Saturday, October 17, 2009

Equipment Drop

I'm doing an equipment drop at Circadia, patching in to the wifi for a few. Tomorrow is Burn Out, a festival relating to Burning Man. Lots of weird buses in the parking lot, a stage crammed with instruments. Lindsey is volunteering with setup, as well as taking part in the show tomorrow.

Lindsey pulled off a superb performance this evening, shades of Over the Hedge (we met the president of the homeowner's association). Another upright piano conquered in any case.

Speaking of suburbanite neo-liberals, some of these diversity groups turn out to be little more than the middle class brats seeking to extend both their comfort zone and entitlements.

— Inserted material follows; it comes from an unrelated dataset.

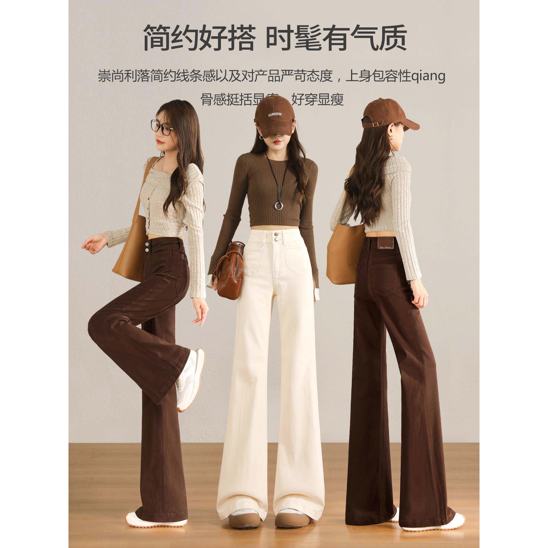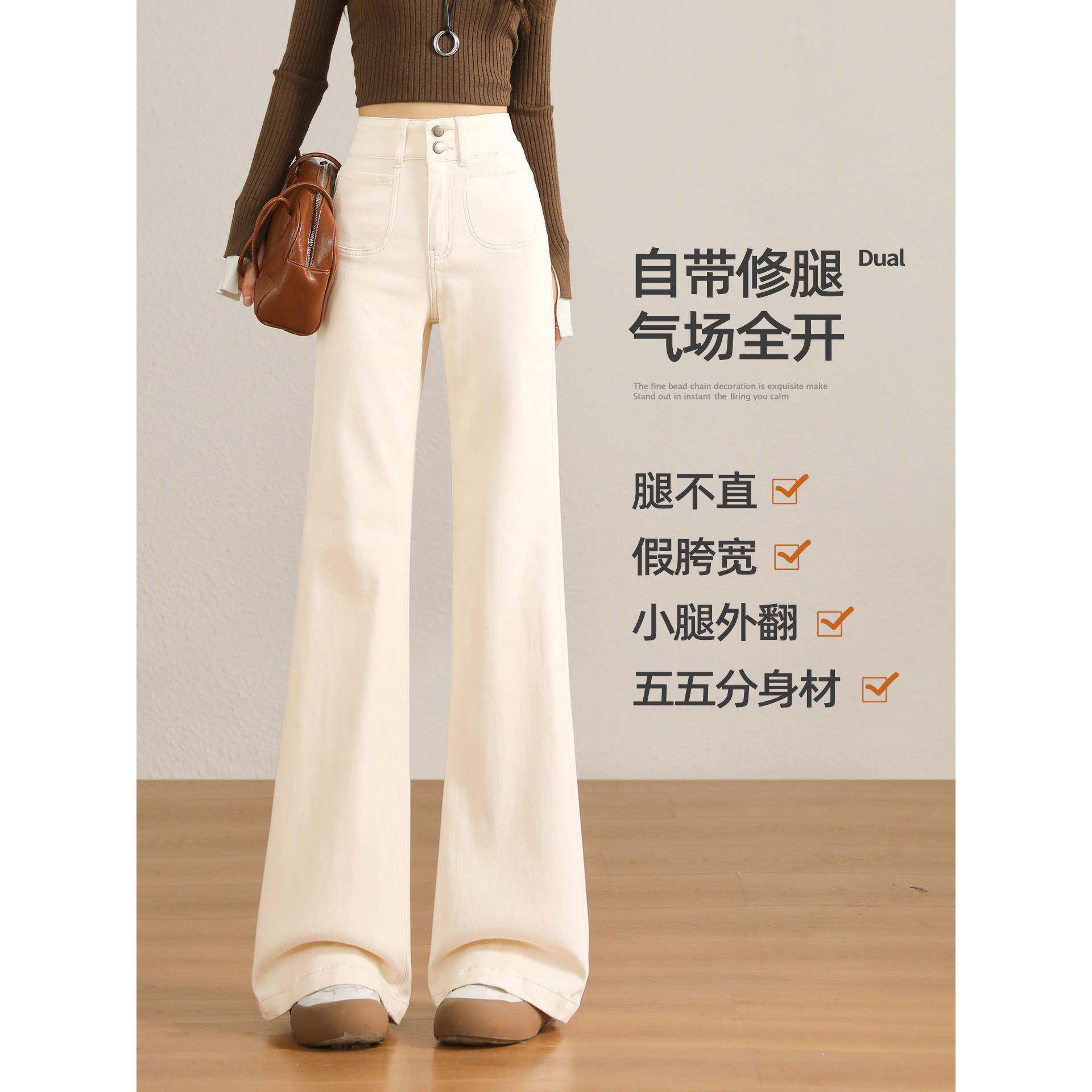 米白色加绒阔腿牛仔裤女秋季2025新款高腰不贴腿直筒微喇叭裤子女

Python's is different I'm hoping. As I posted earlier, to the diversity list:
The first guideline for diversity trainers might be something like: you have no human right to not be offended, as life is offensive and (here's the kicker) there's no one to blame. It's like when Lord Buddha first left the palace compound, where he'd been spoiled rotten: "who are all these sick and dying around here, is this some inferior species?" From there to enlightenment was a long and strange journey.

My talk in Vilnius (Jacob was there) featured snake defecation (snake poop), a way I teach about queues and FIFO in early Pythonic math classes, using eat() and poop() methods.

I preface this by saying kids love Grossology (some do) and have these books of Madlibs (fill in the blank stories) that are gross by design. You can code that way too. Some find this offensive, yet also find they learn Python a lot faster. No one walked out of my talk, as my slides and presentation were both tasteful, as was my three hour workshop in Chicago which mentioned Hitler's holocaust and included a scantily clad Britney Spears on one slide (first 57 minutes are on Blip TV).

All that being said, intelligent managers do tend to provide ways for humans to sort themselves, exercising their own freedoms of choice, into niches where they'll be happy and productive, with co-workers they're OK teaming with. Or call them schools (as in schools of fish, schools of thought).

I'd be pleased if Pycons were models of well attended, well managed events, and from what I've seen so far, I have no reason to expect disappointment. These are stellar and talented geeks, with every potential to accelerate into multiple Pycons happening with quite high frequency around the world. But the faster you grow, the more tourists you'll get checking you out and muddying the waters, hence my plans for more exclusive venues, where BOFs are more likely to find one another.
BOF stands for Birds of a Feather.

Speaking of Python, Scott David-Daniels was at the venue this evening. He struck up a conversation with Lindsey about arms profiteering and how to escape its grip. They found some points to agree on, given a shared background in IT.

Scott has some papers he's working on, one about a new data structure (currently undergoing testing), and maybe another about his super fast search algorithm.

Good Bye Party played the opening gig, will be here tomorrow as well.